_What to do:_
Starting at the line with "Логотип МьёндаленСтавас Эрик", return every line through the final one of the data, word for word. Pictures stay out.

[Opening Given data section]

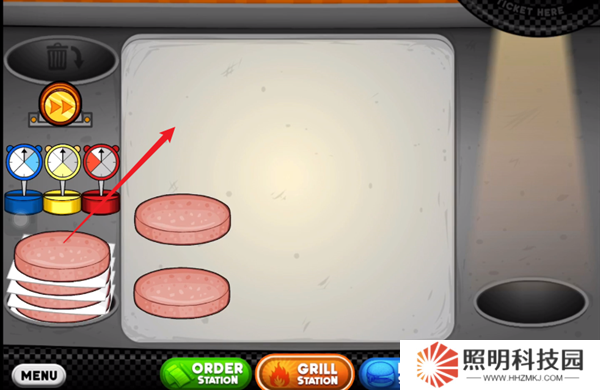 1、玩家們首先需要將自己后廚當中的生肉餅放到烤盤上。
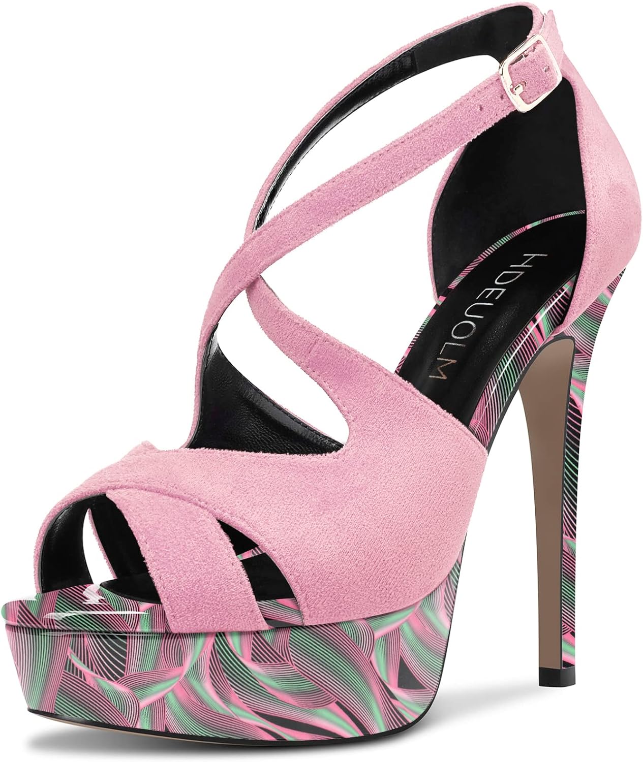 HDEUOLM Women Stiletto High Platform Heel Peep Open Toe Sandals Ankle Strap Wedding Dress 4.7 Inches Heels
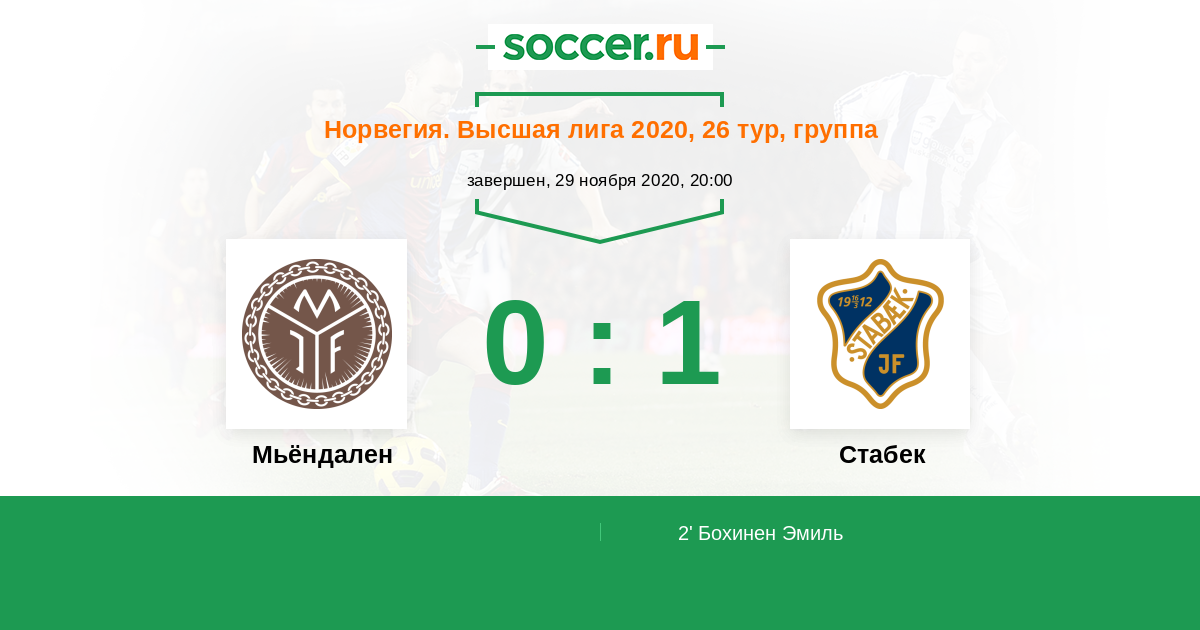 Логотип МьёндаленСтавас Эрик (31, п) выходит на поле
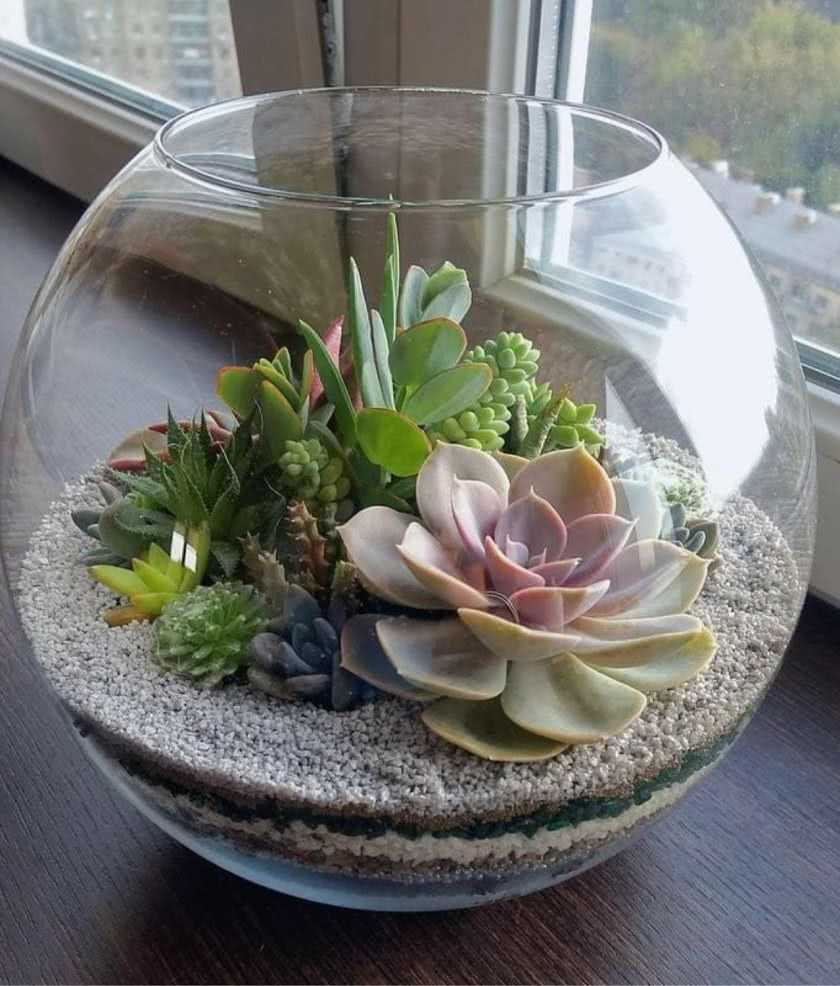 В продаже существует масса предметов, которые можно приспособить под будущий садик для суккулентов. Помимо банальных стеклянных тар, приобретающихся в цветочных магазинах, можно отыскать даже дома прозрачный футляр для растений.
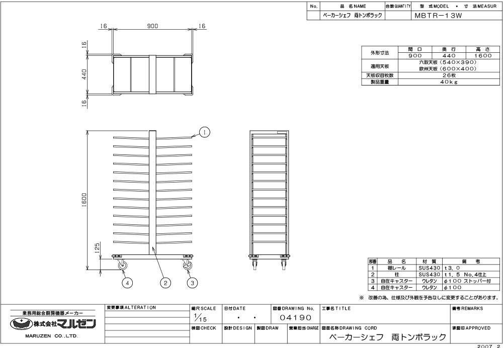 他の画像を見る 【業務用/新品】【マルゼン】トンボラック MBTR-13W 幅900×奥行440×高さ1600(mm)【送料無料】 定価 ¥ 203,500 (税込)のところ 販売価格 ¥ 153,005 税込
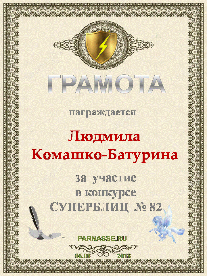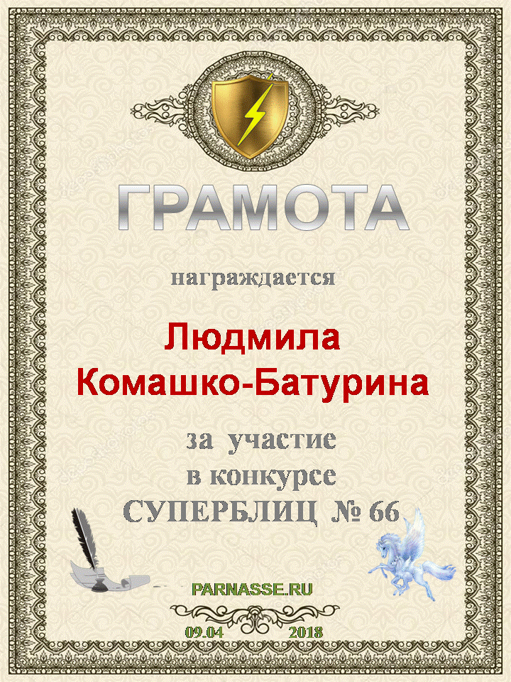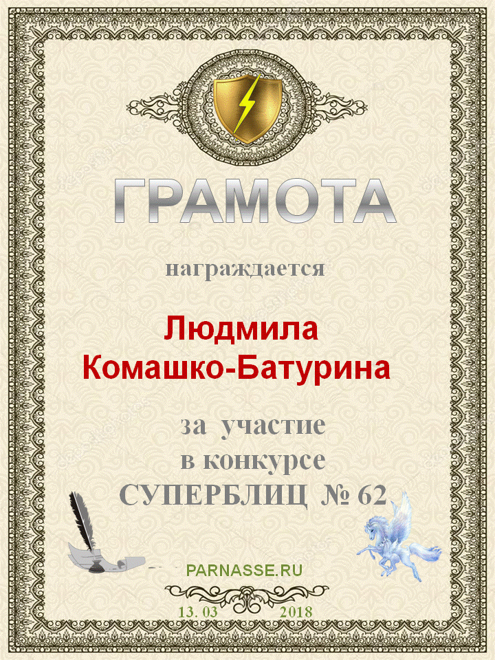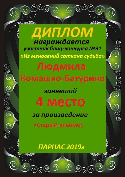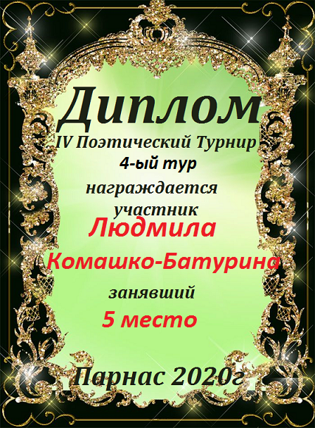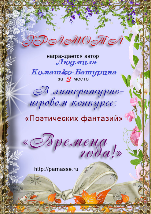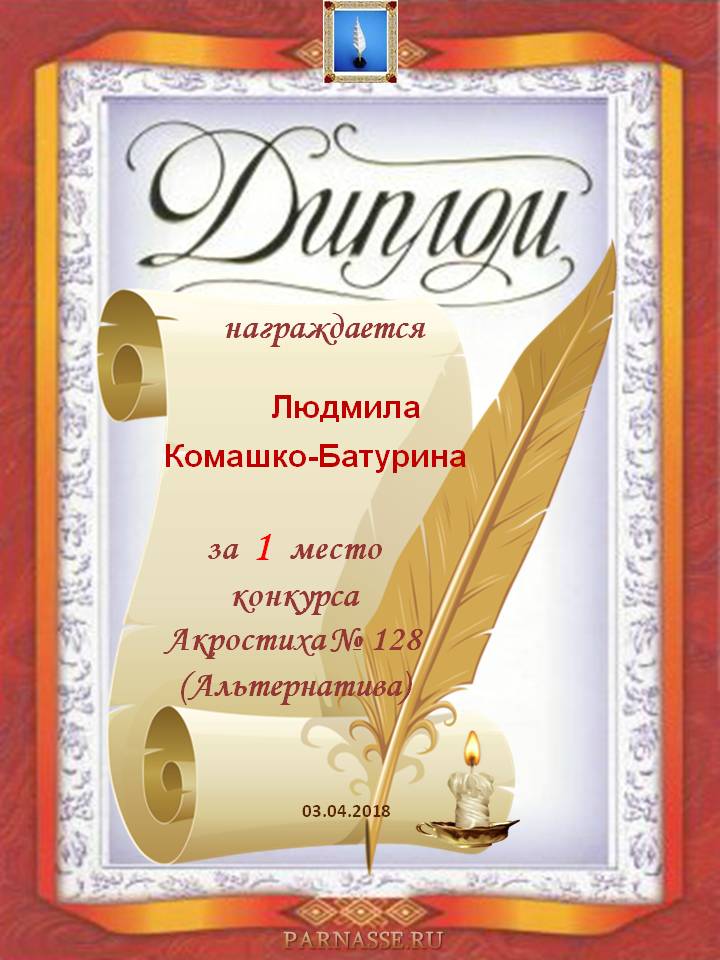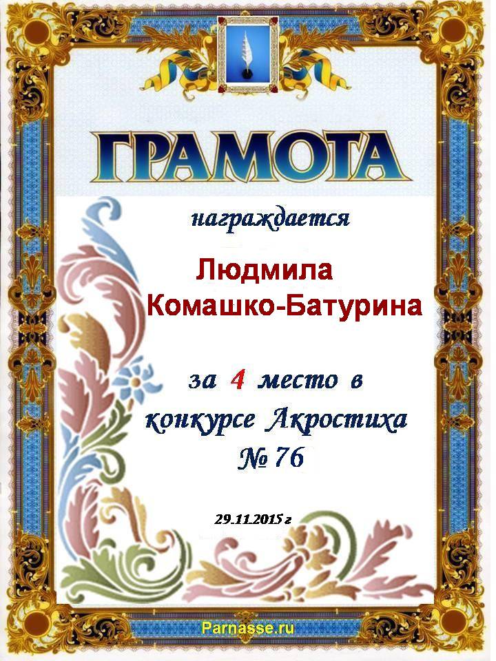 Грамота за 4 место в 118 конкурсе АКРОСТИХА (Альтернатива)! ПОЗДРАВЛЯЮ!
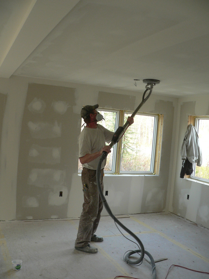 We prep the drywall and once sanding is complete, we vacuum up the dust and are ready for priming and painting the walls and texturizing the ceilings.
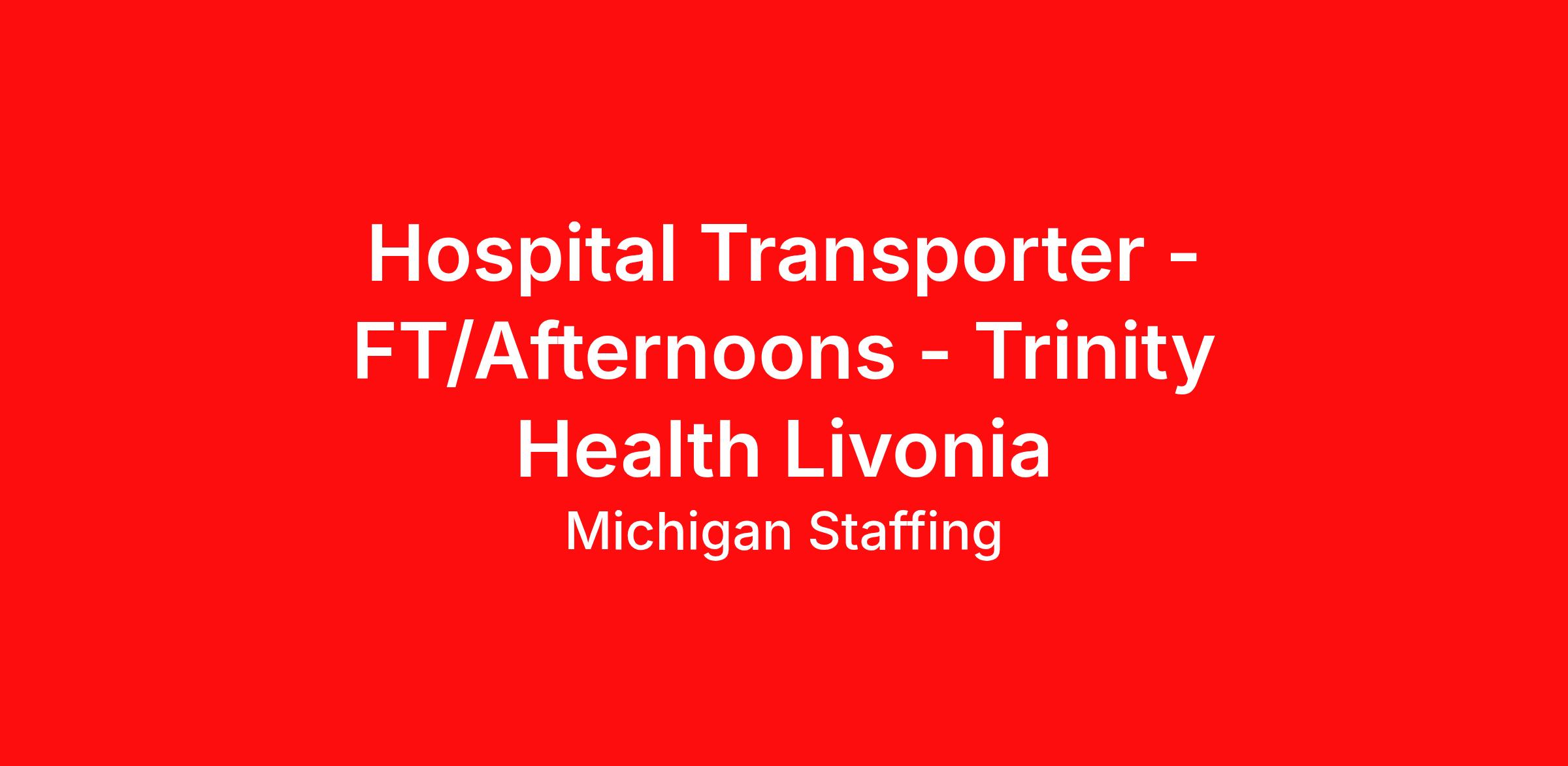 Job Summary: Join Trinity Health Livonia and become a vital part of our patient care team. As a Hospital Transporter, you will ensure the safe and timely movement of patients and equipment throughout our 304-bed acute care hospital.

[Closing Given data section]

_Task solution:_
 Логотип МьёндаленСтавас Эрик (31, п) выходит на поле
 В продаже существует масса предметов, которые можно приспособить под будущий садик для суккулентов. Помимо банальных стеклянных тар, приобретающихся в цветочных магазинах, можно отыскать даже дома прозрачный футляр для растений.
 他の画像を見る 【業務用/新品】【マルゼン】トンボラック MBTR-13W 幅900×奥行440×高さ1600(mm)【送料無料】 定価 ¥ 203,500 (税込)のところ 販売価格 ¥ 153,005 税込
 Грамота за 4 место в 118 конкурсе АКРОСТИХА (Альтернатива)! ПОЗДРАВЛЯЮ!
 We prep the drywall and once sanding is complete, we vacuum up the dust and are ready for priming and painting the walls and texturizing the ceilings.
 Job Summary: Join Trinity Health Livonia and become a vital part of our patient care team. As a Hospital Transporter, you will ensure the safe and timely movement of patients and equipment throughout our 304-bed acute care hospital.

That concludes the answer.